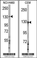 Western blot analysis of anti-UBE4A Antibody (C-term) (Cat.APR04779G) in NCI-H460 and CEM cell line lysates (35ug/lane). UBE4A (arrow) was detected using the purified Pab.
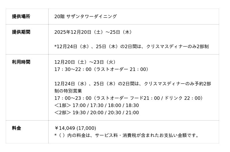 「小田急ホテルセンチュリーサザンタワー」(所在地:東京都渋谷区代々木2-2-1、総支配人:宮越 真理子)内、「サザンタワーダイニング」(20階)では、2025年12月20日(土)から12月25日(木)までのディナータイムに「クリスマスディナー」を提供します。
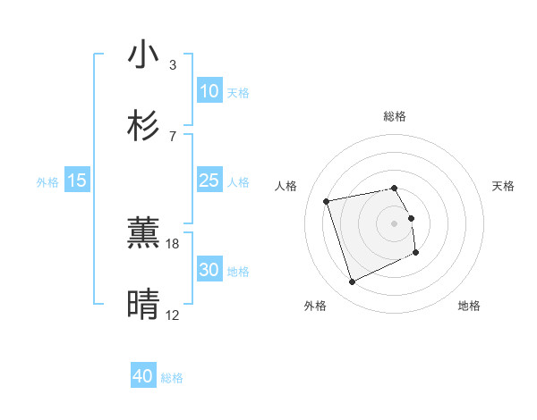 小杉 薫晴さんを姓名の画数から五運を鑑定
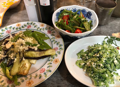 | 今日収穫した野菜でオクラ以外はすべて食卓に上がった。 |

- What the exercise asks: Your copy of the listing should match it exactly, apart from the pictures, which are left out.

- Task solution:
 Western blot analysis of anti-UBE4A Antibody (C-term) (Cat.APR04779G) in NCI-H460 and CEM cell line lysates (35ug/lane). UBE4A (arrow) was detected using the purified Pab.
 「小田急ホテルセンチュリーサザンタワー」(所在地:東京都渋谷区代々木2-2-1、総支配人:宮越 真理子)内、「サザンタワーダイニング」(20階)では、2025年12月20日(土)から12月25日(木)までのディナータイムに「クリスマスディナー」を提供します。
 小杉 薫晴さんを姓名の画数から五運を鑑定
 | 今日収穫した野菜でオクラ以外はすべて食卓に上がった。 |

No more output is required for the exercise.